Timothy Rub, the George D. Widener Director and CEO of the Philadelphia Museum of Art, stated: “We are delighted to join forces with the Pinault Collection to acquire these two major works by Nauman. While the monumental Contrapposto Studies, I through VII demonstrates Nauman’s ability to orchestrate space, movement, and sound, the intimate Walks In Walks Out captures Nauman in the process of creation in his studio. These acquisitions underscore the Museum’s commitment to presenting the most significant art of our time. I am delighted that these works have found a home here and in Europe, as Nauman continues to exert a strong influence on a younger generation of artists throughout the world.”

François Pinault stated: “Thanks to this joint acquisition, a major work by one the greatest artists of our time will be presented to a large international audience in the United States and Europe. Furthermore, this acquisition underlines the importance of Bruce Nauman’s works within Pinault Collection and the quality of the relationships Pinault Collection has built with the most important museums in the world.”

Contrapposto Studies, I through VII, which was recently presented at the Philadelphia Museum of Art, is among the largest and most ambitious works created by Nauman over the last two decades.
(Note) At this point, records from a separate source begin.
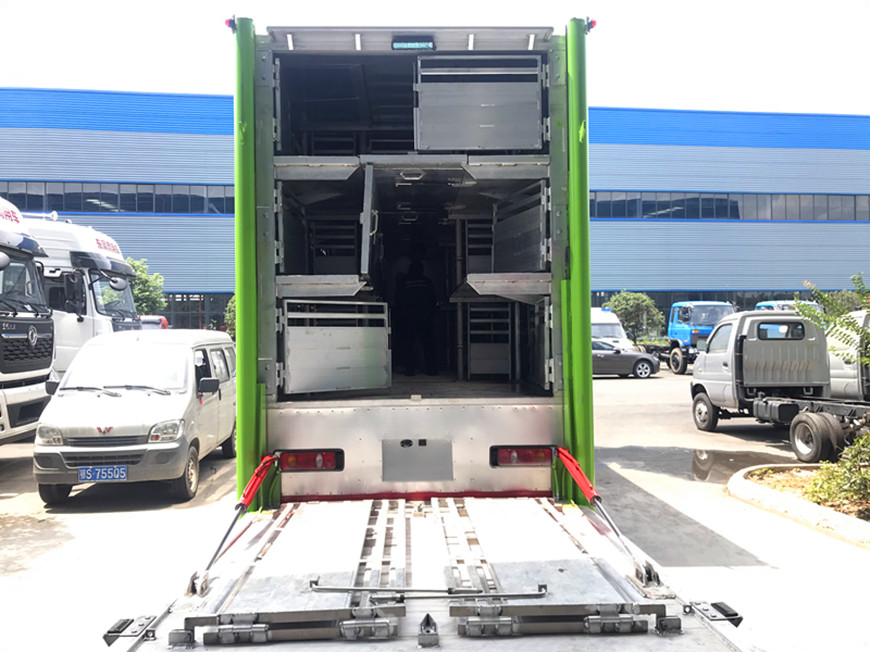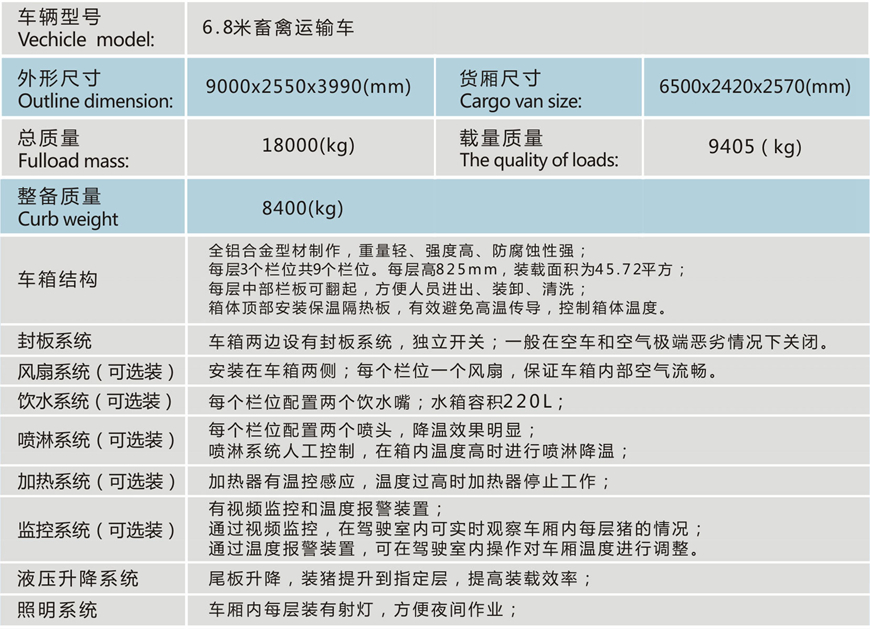 标配:三层,喷淋,喂食,监控,照明,机组,可开合侧窗,高转速防水通风排气扇,混合隔仓,液压垂直升降尾板。
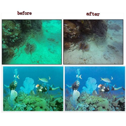 1)Red filter: use for water depth of 10-20 meters, around noon (sunlight water).
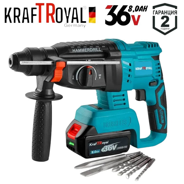 Акумулаторен Перфоратор Акумулаторен Ъглошлайф 125мм Акумулаторен Гайковерт/Импакт Акумулаторен Винтоверт 36V Акумулаторен Прожектор USB Лампа. 36V 8,0AH с 3 броя батерии и зарядно в куфар

It recalls Nauman’s seminal video work Walk with Contrapposto of 1968, in which the artist animates a pose originating in classical Greek sculpture that introduced dynamism to the representation of the human form. This recent work consists of seven large-scale video projections with sound in which the artist, walking in contrapposto, is rendered in both positive and negative, moving forwards and backwards. His body is at times digitally replicated, fragmented, and stacked in multiple horizontal strata.
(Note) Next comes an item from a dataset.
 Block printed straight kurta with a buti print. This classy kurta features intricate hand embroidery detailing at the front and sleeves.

Nauman’s single-channel video Walks In Walks Out, 2015, captures the artist in the process of making Contrapposto Studies, I through VII. He is seen walking into and out of the view of a camera as it projects a sequence from Contrapposto Studies, I through VII, onto his studio wall. Walking up to each image of his projected body seen on the wall, Nauman uses his own scale to establish the ideal dimensions of the video for public display. In its economic execution and seeming simplicity, the work conveys the visual relationship—and tension—between the artist and his projected image.

Carlos Basualdo, The Keith L. and Katherine Sachs Senior Curator of Contemporary Art, said: ”Bruce Nauman is one of the most profound and provocative artists working today. These two recent works together interrogate the ways in which our perception constructs—or distorts—our relation to reality. They also work on multiple levels, drawing both from art history and from Nauman’s own biography. They reflect Nauman’s unparalleled capacity to convey complex issues in his work with an exceptional economy of means.”

The acquisition of these two works enables the Philadelphia Museum of Art to more fully represent the most significant moments of Nauman’s career. In 2007, the Museum acquired Nauman’s iconic neon sign The True Artist Helps the World by Revealing Mystic Truths (Window or Wall Sign) that he produced in 1967. The Museum also holds seminal videos and films by Nauman, including: Dance or Exercise on the Perimeter of a Square (1967-68), Walk with Contrapposto (1968), and Wall-Floor Positions (1968). Contrapposto Studies, I through VII is the most ambitiously scaled work by Nauman to join the Museum’s collection, and Walks In Walks Out enables the Museum to present the artist’s recent work in multiple contexts.